Однако в баре при ресторане «Эль Мочика», более известном под сокращением «Эль Мо», мы оказались позже, чем рассчитывали. Оставалось сделать еще довольно много покупок, а кроме того, мы несколько раз сталкивались со студентами — сегодня у всех был выходной, а потом встретили Ягуара с Пачамамой и тоже остановились поболтать. Когда мы вошли в бар, Стив уже сидел там — поник в кресле и даже головы не поднял.
Он ничего не сказал и после того, как мы заказали пиво. Трейси не выдержала:
— Стив, ну поговори же с нами! В чем дело? За чем или за кем ты гнался?
Стив устало поморщился.
— Одним словом, точнее, двумя словами: el Hombre. Тип, которого местные величают только el Hombre.
El Hombre? Человек. Неужели кто-то вздумал величать себя просто Человеком? Я чуть было не рассмеялась вслух, но что-то в выражении лица Стива меня остановило. Но не Трейси.
— Какое дурацкое прозвище! — воскликнула она. — А кто это такой на самом деле и почему решил назваться таким именем?
Стив вздохнул.
— El Hombre? Убей бог, понятия не имею. Может, не хочет, чтобы местные знали его настоящее имя, хотя с какой стати ему скрытничать, когда он делает все абсолютно у всех на виду, ума не приложу. Не знаю. Может, ему кажется, что так оно величественнее звучит. Его зовут Этьен Лафорет. Француз. Из Парижа. Он торгует произведениями искусства, держит шикарную галерею в Париже, на Левом Берегу. Мошенник первостатейный. Мировая грязь. Я не видел его здесь уже пару лет, но раньше он приезжал сюда каждый год, а иногда и по нескольку раз. Действует всегда по одному шаблону. Въезжает в город на дорогущей машине, заходит в пару баров и выставляется, швыряя деньги направо и налево. А как продемонстрирует всем и каждому, что кошелек у него набит до отказа, находит себе подходящее жилье, паркует свою пижонскую машину — в этом году золотистый «мерседес» — прямо перед входом, чтобы сразу было видно, где он живет, а сам садится, как паук в засаде, и ждет.
— Чего ждет? — удивилась я. — И не рискует ли он, так открыто демонстрируя свое богатство в этих краях? Не означает ли это самому напрашиваться на неприятности?
Стив поглядел на меня, как на наивную дурочку.
— Он не напрашивается на неприятности. Он и есть самая настоящая неприятность. С ним никто не связывается. А ждет он, разумеется, чтобы ему несли краденые древности. Так все в городе знают, что он здесь, что он готов покупать и где он живет.
— Под крадеными древностями вы подразумеваете… — начала я.
— Всевозможные предметы доколумбова периода. Он специализируется на мочика.
— Вы говорите, что он просто-напросто сидит и ждет, чтобы ему несли краденное? И даже не прячется? Сидит прямо в холле отеля?
— В доме. Как правило, он снимает себе целый дом. В этот раз — тоже. Маленький белый домик с круглым окошком на втором этаже на улице Калле, номер семь, рядом со скобяной лавкой. Я проследил за ним. Дом окружен высокой стеной, во дворе растет дерево, а с противоположной стороны улицы никаких окон — так что никто не увидит, чем он занимается во дворике или у дверей. Однако перед домом есть парковка, так что все знают, где он живет. Идеальная диспозиция.

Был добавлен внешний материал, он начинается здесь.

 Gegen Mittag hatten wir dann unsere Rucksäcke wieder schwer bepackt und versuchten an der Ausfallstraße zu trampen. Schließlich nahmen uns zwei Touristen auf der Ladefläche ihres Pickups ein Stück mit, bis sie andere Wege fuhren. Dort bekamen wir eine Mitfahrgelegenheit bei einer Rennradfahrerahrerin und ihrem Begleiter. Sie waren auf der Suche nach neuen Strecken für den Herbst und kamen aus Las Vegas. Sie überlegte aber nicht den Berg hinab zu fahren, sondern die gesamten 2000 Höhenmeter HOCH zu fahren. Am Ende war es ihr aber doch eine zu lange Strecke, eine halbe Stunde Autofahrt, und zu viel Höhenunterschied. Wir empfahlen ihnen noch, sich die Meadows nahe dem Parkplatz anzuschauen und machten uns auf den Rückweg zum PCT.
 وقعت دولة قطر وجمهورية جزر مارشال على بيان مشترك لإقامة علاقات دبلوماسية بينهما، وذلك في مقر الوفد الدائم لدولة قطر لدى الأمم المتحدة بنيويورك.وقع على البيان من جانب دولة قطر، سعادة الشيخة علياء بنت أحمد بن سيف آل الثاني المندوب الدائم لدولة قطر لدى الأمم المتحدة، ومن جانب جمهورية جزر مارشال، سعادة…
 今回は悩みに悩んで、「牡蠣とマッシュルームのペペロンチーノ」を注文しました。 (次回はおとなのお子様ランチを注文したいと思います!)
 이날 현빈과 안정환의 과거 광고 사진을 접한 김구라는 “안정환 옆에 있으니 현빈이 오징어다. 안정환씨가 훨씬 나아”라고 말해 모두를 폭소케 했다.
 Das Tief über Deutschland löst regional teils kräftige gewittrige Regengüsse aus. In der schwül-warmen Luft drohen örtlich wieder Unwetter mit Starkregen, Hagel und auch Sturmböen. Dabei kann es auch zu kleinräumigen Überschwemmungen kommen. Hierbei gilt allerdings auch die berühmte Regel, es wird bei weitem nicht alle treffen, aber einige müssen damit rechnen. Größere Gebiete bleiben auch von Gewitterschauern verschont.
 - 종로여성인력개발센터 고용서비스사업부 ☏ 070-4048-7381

— А куда смотрит полиция? Неужели они ничего не могут поделать?
— Наверное, могут. Но не станут. У него репутация человека безжалостного, так что все боятся с ним связываться.
— Зато продавать ему не боятся!
— Да, — вздохнул Стив. — Это точно.
— Но ведь предметы культуры мочика нельзя вывозить из страны, — продолжала горячиться я.

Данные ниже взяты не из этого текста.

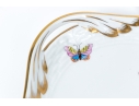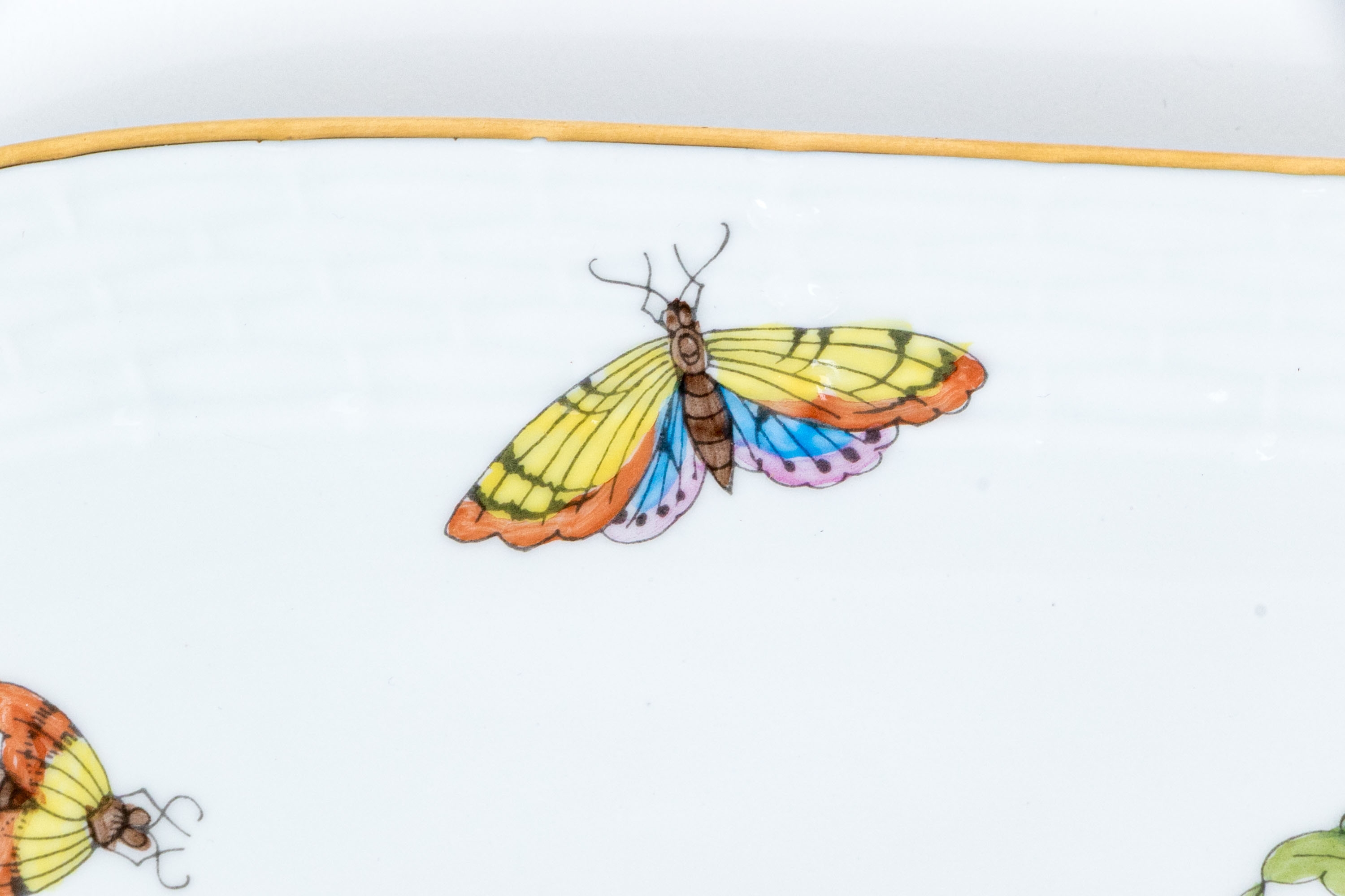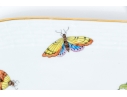 Herend Hungary hand-painted porcelain oval tray, decorated in the Rothschild Bird (RO) pattern. The design features a central motif of two songbirds perched on a leafy branch with necklace, surrounded by delicate multicolored butterflies and insects.
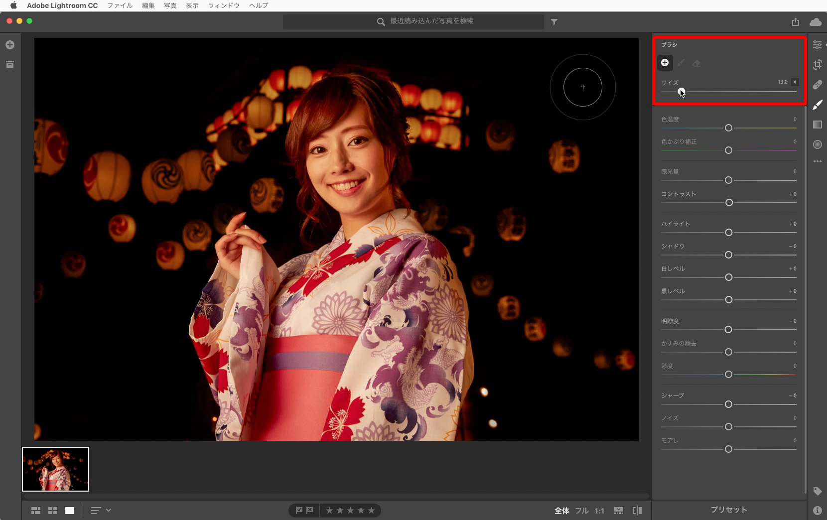 明るい部分はそのままに、暗い部分を明るくしたいので、右パネルの[ブラシ]→[サイズ]のスライダーでブラシの大きさを調整します。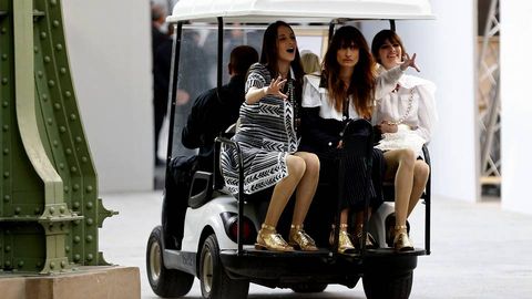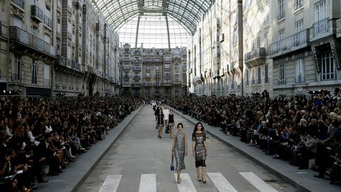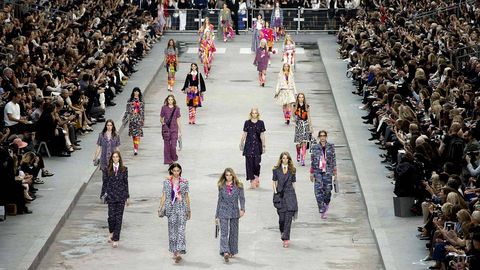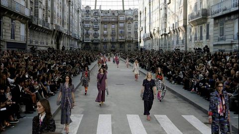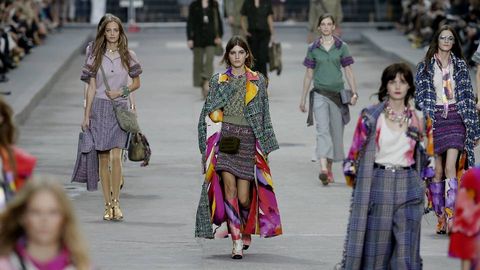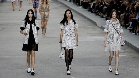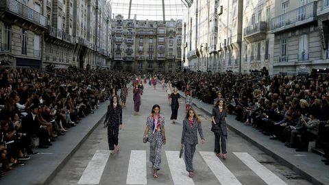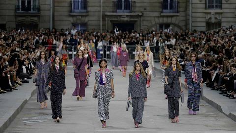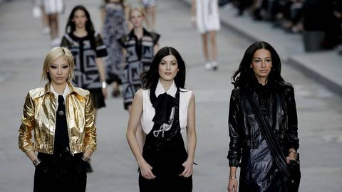 Chanel también rompió la cotidianeidad de la pasarela al hacer que el ruido de las manifestaciones se alternara con el de la música y que las modelos, entre las que se encontraban jóvenes y no tan jóvenes, caminaran en grupos o por parejas.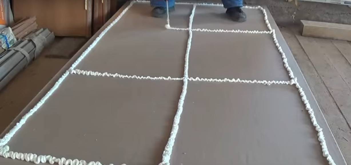 Обрезанный по длине лист укладывают на пол, напротив стены. Пену наносят по периметру листа, а затем внутри этого прямоугольника «рисуют» одну вертикальную и 3 горизонтальных полосы. В итоге, на ГКЛ должно быть «нарисовано» 6 одинаковых квадратов монтажной пеной.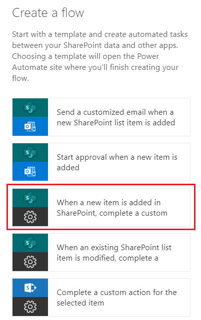 Select a template “When a new item is added in SharePoint, complete a custom”.

Стив одарил меня еще одним взглядом в стиле «ты что, с Луны свалилась?».
— Судя по всему, какие-то способы все же есть. Уверяю вас, этого типа еще ни разу ни с чем таким не поймали, когда он летит обратно в Париж.
Мы все ненадолго умолкли, задумавшись. Стив мрачно глядел в пивную кружку.
— Я-то думал, он здесь уже не объявится, — наконец произнес он. — Последние пару лет он орудовал дальше к югу, а в наших краях, насколько я слышал, ничего интересного не обнаруживали. Что же означает его появление? Пожалуй, надо будет навести справки.
Я не совсем поняла, что он подразумевает под «наведением справок», однако времени задумываться сейчас не представилось. У входа в «Эль Мочика» возникла какая-то суматоха, и Стив обернулся взглянуть.
— Давайте уйдем, — сказал он, швыряя деньги по счету на стол и так и не притронувшись к пиву. — Это место потеряло былое очарование.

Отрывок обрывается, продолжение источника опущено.